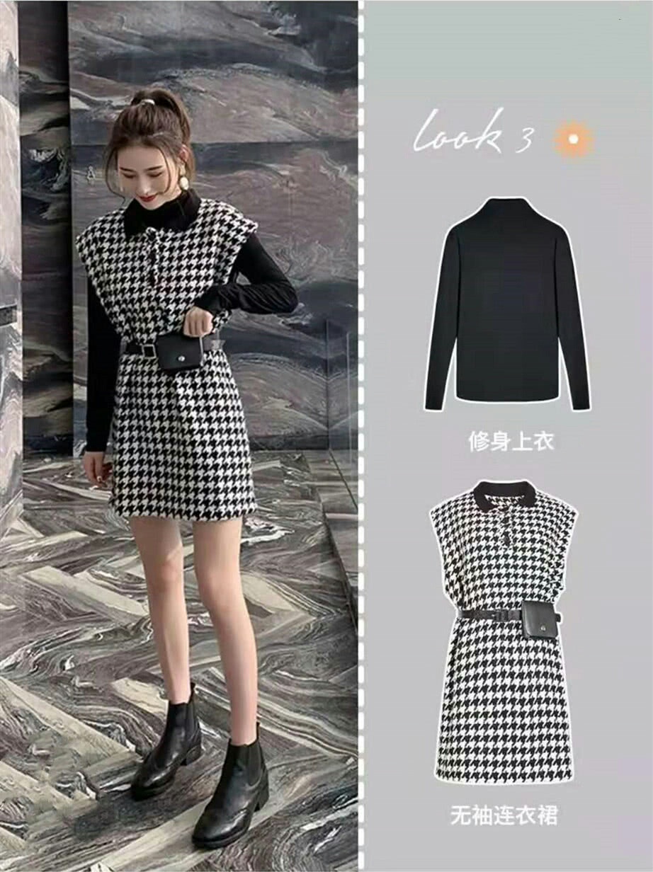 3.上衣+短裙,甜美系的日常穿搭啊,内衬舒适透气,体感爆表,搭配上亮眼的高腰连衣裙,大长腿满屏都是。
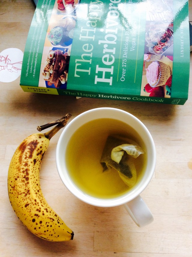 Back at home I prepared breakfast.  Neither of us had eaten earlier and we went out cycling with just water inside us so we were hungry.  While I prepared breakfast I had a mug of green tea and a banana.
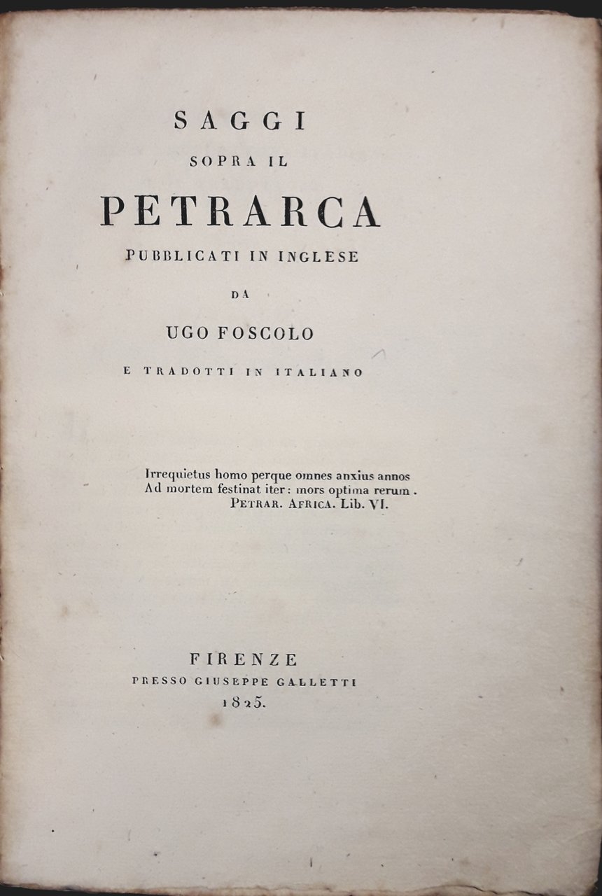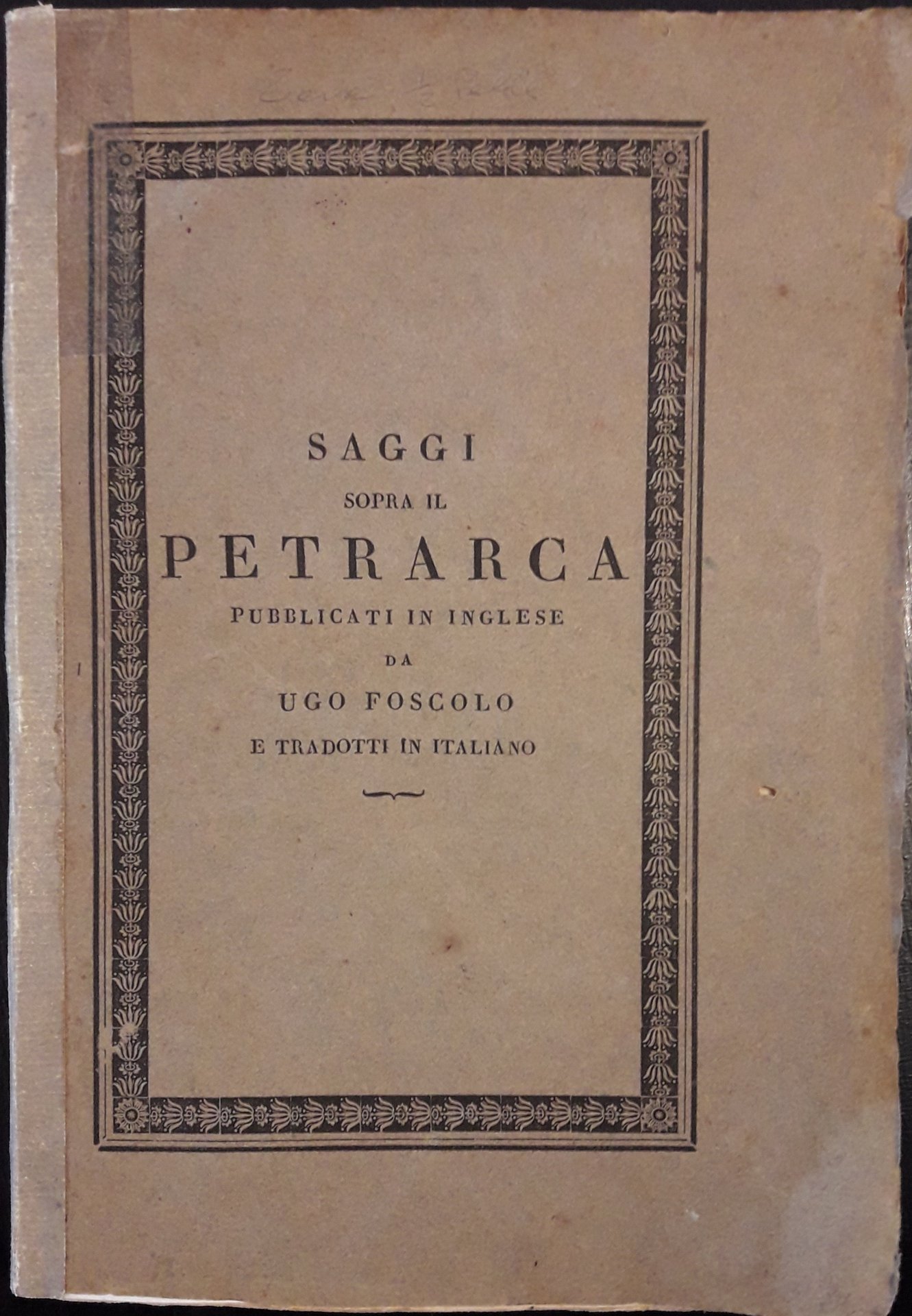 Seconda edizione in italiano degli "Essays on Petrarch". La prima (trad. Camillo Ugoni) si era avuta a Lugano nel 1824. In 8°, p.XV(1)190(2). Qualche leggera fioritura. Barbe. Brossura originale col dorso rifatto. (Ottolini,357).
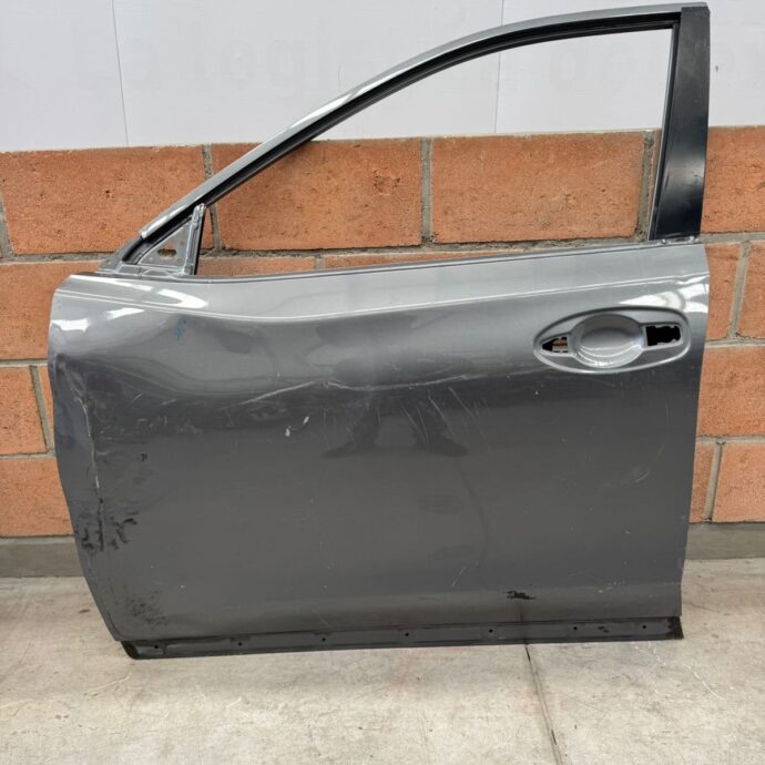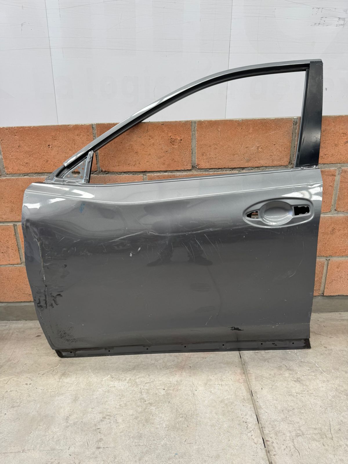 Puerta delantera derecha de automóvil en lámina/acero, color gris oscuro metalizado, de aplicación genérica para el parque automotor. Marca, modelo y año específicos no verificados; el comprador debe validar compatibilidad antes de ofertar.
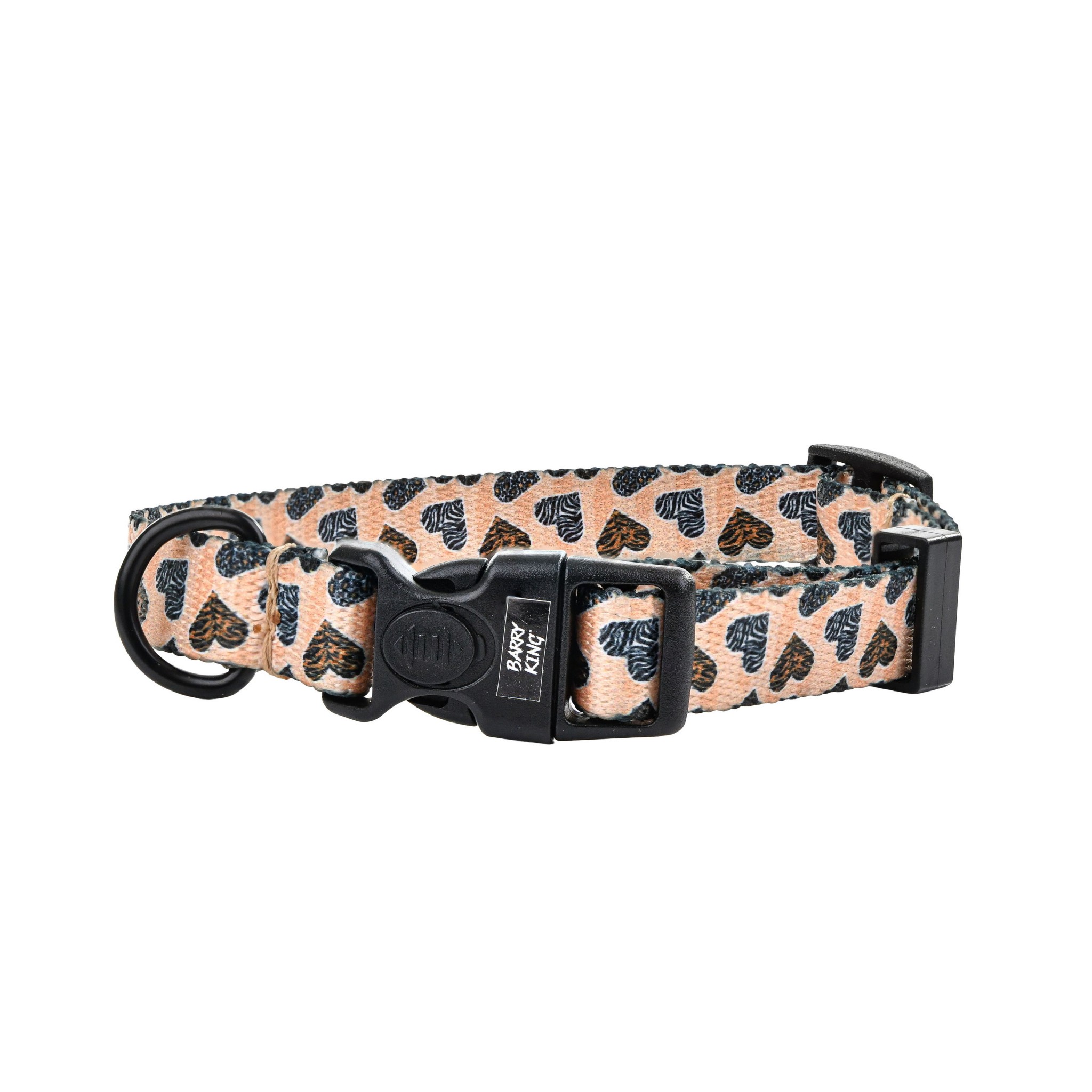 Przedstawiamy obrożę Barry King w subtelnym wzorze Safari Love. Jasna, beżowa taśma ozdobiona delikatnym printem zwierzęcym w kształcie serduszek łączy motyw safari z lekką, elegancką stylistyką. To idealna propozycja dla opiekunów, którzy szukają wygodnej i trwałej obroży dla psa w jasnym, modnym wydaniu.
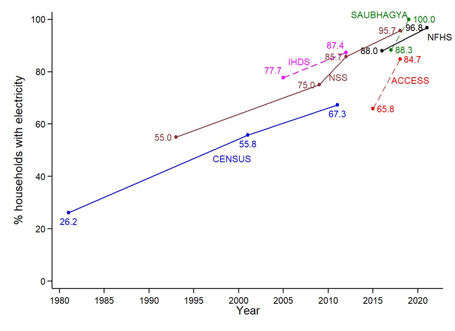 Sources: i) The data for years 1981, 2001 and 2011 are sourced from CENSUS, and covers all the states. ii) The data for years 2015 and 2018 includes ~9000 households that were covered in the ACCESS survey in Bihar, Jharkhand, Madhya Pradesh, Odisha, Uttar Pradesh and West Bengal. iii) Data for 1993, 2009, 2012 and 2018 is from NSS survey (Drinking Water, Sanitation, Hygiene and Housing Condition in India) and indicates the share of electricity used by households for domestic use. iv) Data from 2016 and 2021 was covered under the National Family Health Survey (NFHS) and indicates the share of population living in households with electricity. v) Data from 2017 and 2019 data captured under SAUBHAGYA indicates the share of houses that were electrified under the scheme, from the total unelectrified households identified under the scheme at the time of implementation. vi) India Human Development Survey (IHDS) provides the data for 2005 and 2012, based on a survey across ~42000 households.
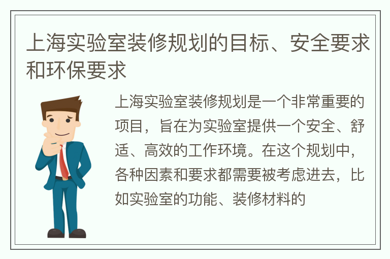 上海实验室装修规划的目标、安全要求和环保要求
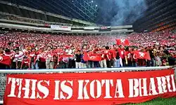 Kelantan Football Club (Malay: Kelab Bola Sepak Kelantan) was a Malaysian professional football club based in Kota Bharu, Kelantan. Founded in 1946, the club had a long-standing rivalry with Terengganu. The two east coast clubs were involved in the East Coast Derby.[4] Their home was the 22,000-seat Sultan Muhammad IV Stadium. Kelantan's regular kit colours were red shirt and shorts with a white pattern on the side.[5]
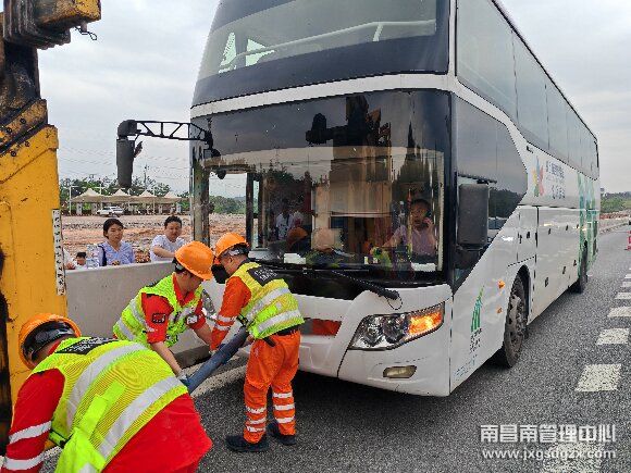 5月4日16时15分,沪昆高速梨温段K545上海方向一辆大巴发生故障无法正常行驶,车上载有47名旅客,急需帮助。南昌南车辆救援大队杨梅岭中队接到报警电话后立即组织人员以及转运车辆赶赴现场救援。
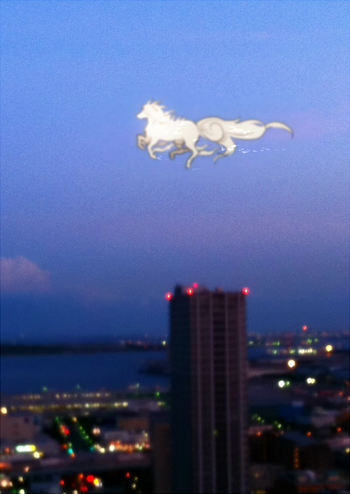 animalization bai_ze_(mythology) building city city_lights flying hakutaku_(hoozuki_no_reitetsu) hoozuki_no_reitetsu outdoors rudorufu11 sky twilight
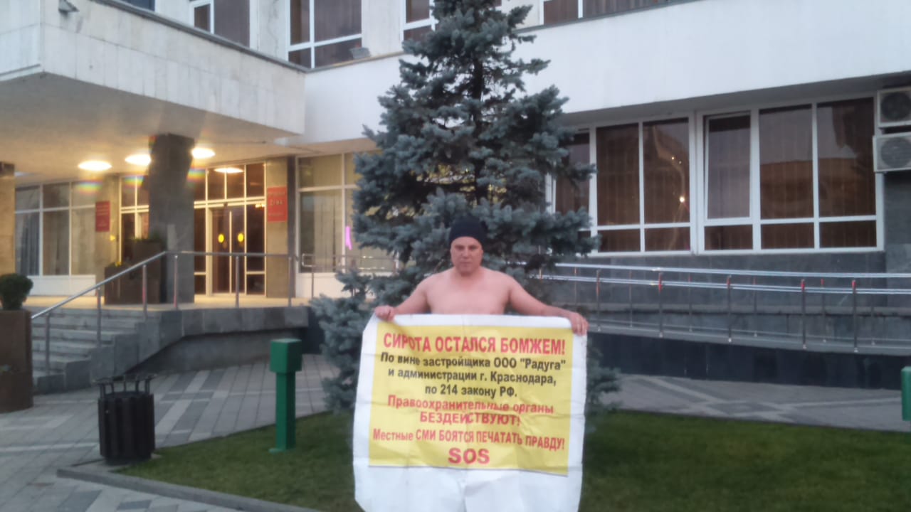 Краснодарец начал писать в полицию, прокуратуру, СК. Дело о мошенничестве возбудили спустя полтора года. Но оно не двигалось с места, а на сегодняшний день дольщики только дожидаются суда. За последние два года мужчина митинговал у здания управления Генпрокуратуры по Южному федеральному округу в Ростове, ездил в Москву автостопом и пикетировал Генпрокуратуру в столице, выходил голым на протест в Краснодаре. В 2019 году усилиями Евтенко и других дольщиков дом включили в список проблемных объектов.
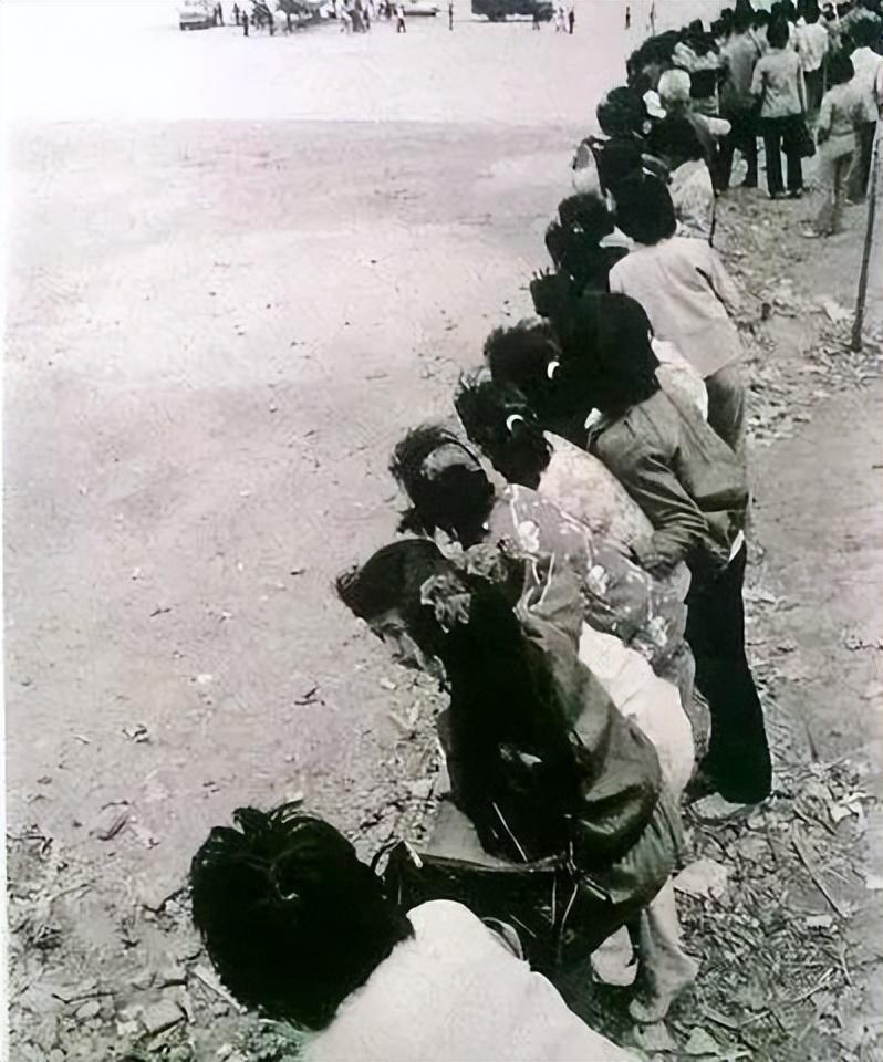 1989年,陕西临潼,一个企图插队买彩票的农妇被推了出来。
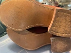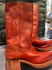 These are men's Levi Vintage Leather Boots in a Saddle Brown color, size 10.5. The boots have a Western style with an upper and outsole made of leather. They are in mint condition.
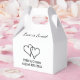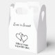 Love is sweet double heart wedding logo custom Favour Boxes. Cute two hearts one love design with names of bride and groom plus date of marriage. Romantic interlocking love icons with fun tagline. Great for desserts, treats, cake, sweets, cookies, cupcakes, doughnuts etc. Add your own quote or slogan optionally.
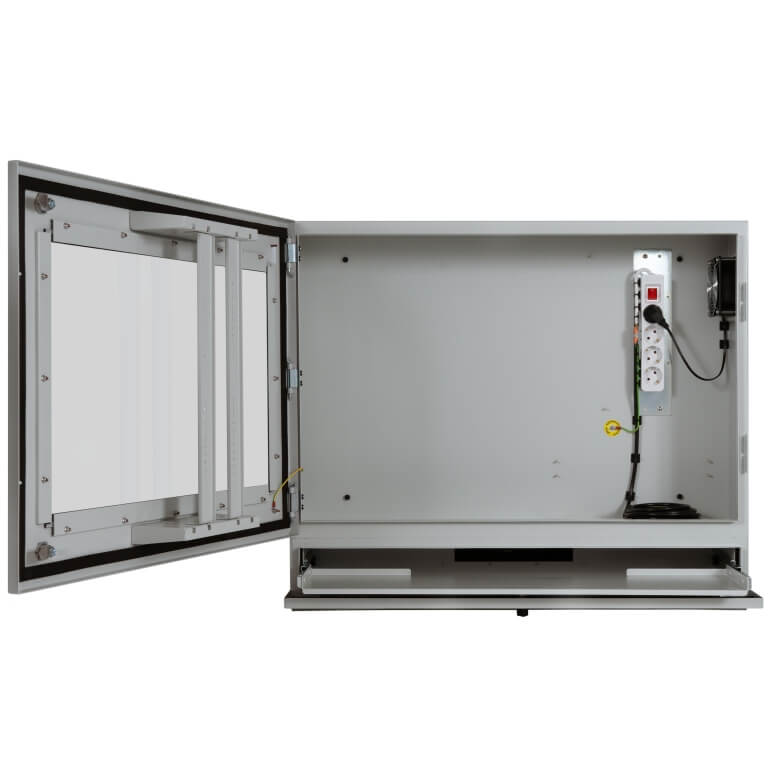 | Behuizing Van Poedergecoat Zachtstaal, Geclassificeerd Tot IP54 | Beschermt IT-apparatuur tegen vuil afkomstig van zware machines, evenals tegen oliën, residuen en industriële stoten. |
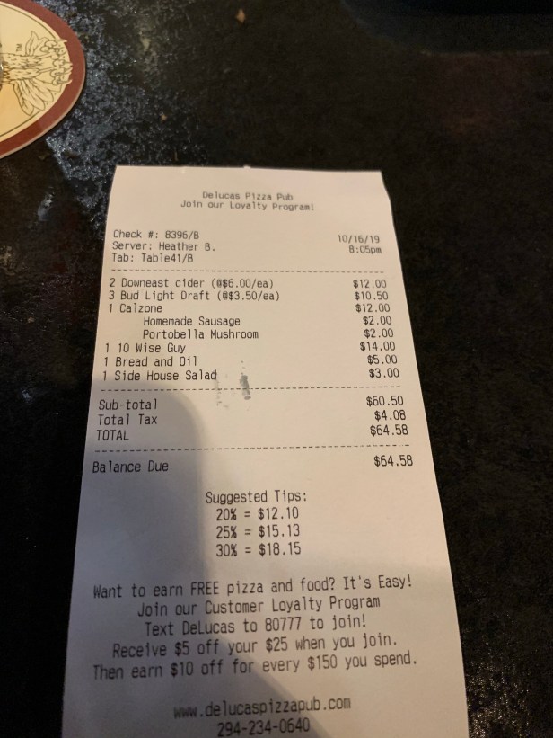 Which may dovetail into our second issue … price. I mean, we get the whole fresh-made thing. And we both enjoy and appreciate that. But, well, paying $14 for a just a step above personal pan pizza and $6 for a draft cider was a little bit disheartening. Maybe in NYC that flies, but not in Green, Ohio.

——————

# Requirement
Repeat the entries above exactly and skip the images.

# Output for this exercise
 3.上衣+短裙,甜美系的日常穿搭啊,内衬舒适透气,体感爆表,搭配上亮眼的高腰连衣裙,大长腿满屏都是。
 Back at home I prepared breakfast.  Neither of us had eaten earlier and we went out cycling with just water inside us so we were hungry.  While I prepared breakfast I had a mug of green tea and a banana.
 Seconda edizione in italiano degli "Essays on Petrarch". La prima (trad. Camillo Ugoni) si era avuta a Lugano nel 1824. In 8°, p.XV(1)190(2). Qualche leggera fioritura. Barbe. Brossura originale col dorso rifatto. (Ottolini,357).
 Puerta delantera derecha de automóvil en lámina/acero, color gris oscuro metalizado, de aplicación genérica para el parque automotor. Marca, modelo y año específicos no verificados; el comprador debe validar compatibilidad antes de ofertar.
 Przedstawiamy obrożę Barry King w subtelnym wzorze Safari Love. Jasna, beżowa taśma ozdobiona delikatnym printem zwierzęcym w kształcie serduszek łączy motyw safari z lekką, elegancką stylistyką. To idealna propozycja dla opiekunów, którzy szukają wygodnej i trwałej obroży dla psa w jasnym, modnym wydaniu.
 Sources: i) The data for years 1981, 2001 and 2011 are sourced from CENSUS, and covers all the states. ii) The data for years 2015 and 2018 includes ~9000 households that were covered in the ACCESS survey in Bihar, Jharkhand, Madhya Pradesh, Odisha, Uttar Pradesh and West Bengal. iii) Data for 1993, 2009, 2012 and 2018 is from NSS survey (Drinking Water, Sanitation, Hygiene and Housing Condition in India) and indicates the share of electricity used by households for domestic use. iv) Data from 2016 and 2021 was covered under the National Family Health Survey (NFHS) and indicates the share of population living in households with electricity. v) Data from 2017 and 2019 data captured under SAUBHAGYA indicates the share of houses that were electrified under the scheme, from the total unelectrified households identified under the scheme at the time of implementation. vi) India Human Development Survey (IHDS) provides the data for 2005 and 2012, based on a survey across ~42000 households.
 上海实验室装修规划的目标、安全要求和环保要求
 Kelantan Football Club (Malay: Kelab Bola Sepak Kelantan) was a Malaysian professional football club based in Kota Bharu, Kelantan. Founded in 1946, the club had a long-standing rivalry with Terengganu. The two east coast clubs were involved in the East Coast Derby.[4] Their home was the 22,000-seat Sultan Muhammad IV Stadium. Kelantan's regular kit colours were red shirt and shorts with a white pattern on the side.[5]
 5月4日16时15分,沪昆高速梨温段K545上海方向一辆大巴发生故障无法正常行驶,车上载有47名旅客,急需帮助。南昌南车辆救援大队杨梅岭中队接到报警电话后立即组织人员以及转运车辆赶赴现场救援。
 animalization bai_ze_(mythology) building city city_lights flying hakutaku_(hoozuki_no_reitetsu) hoozuki_no_reitetsu outdoors rudorufu11 sky twilight
 Краснодарец начал писать в полицию, прокуратуру, СК. Дело о мошенничестве возбудили спустя полтора года. Но оно не двигалось с места, а на сегодняшний день дольщики только дожидаются суда. За последние два года мужчина митинговал у здания управления Генпрокуратуры по Южному федеральному округу в Ростове, ездил в Москву автостопом и пикетировал Генпрокуратуру в столице, выходил голым на протест в Краснодаре. В 2019 году усилиями Евтенко и других дольщиков дом включили в список проблемных объектов.
 1989年,陕西临潼,一个企图插队买彩票的农妇被推了出来。
 These are men's Levi Vintage Leather Boots in a Saddle Brown color, size 10.5. The boots have a Western style with an upper and outsole made of leather. They are in mint condition.
 Love is sweet double heart wedding logo custom Favour Boxes. Cute two hearts one love design with names of bride and groom plus date of marriage. Romantic interlocking love icons with fun tagline. Great for desserts, treats, cake, sweets, cookies, cupcakes, doughnuts etc. Add your own quote or slogan optionally.
 | Behuizing Van Poedergecoat Zachtstaal, Geclassificeerd Tot IP54 | Beschermt IT-apparatuur tegen vuil afkomstig van zware machines, evenals tegen oliën, residuen en industriële stoten. |
 Which may dovetail into our second issue … price. I mean, we get the whole fresh-made thing. And we both enjoy and appreciate that. But, well, paying $14 for a just a step above personal pan pizza and $6 for a draft cider was a little bit disheartening. Maybe in NYC that flies, but not in Green, Ohio.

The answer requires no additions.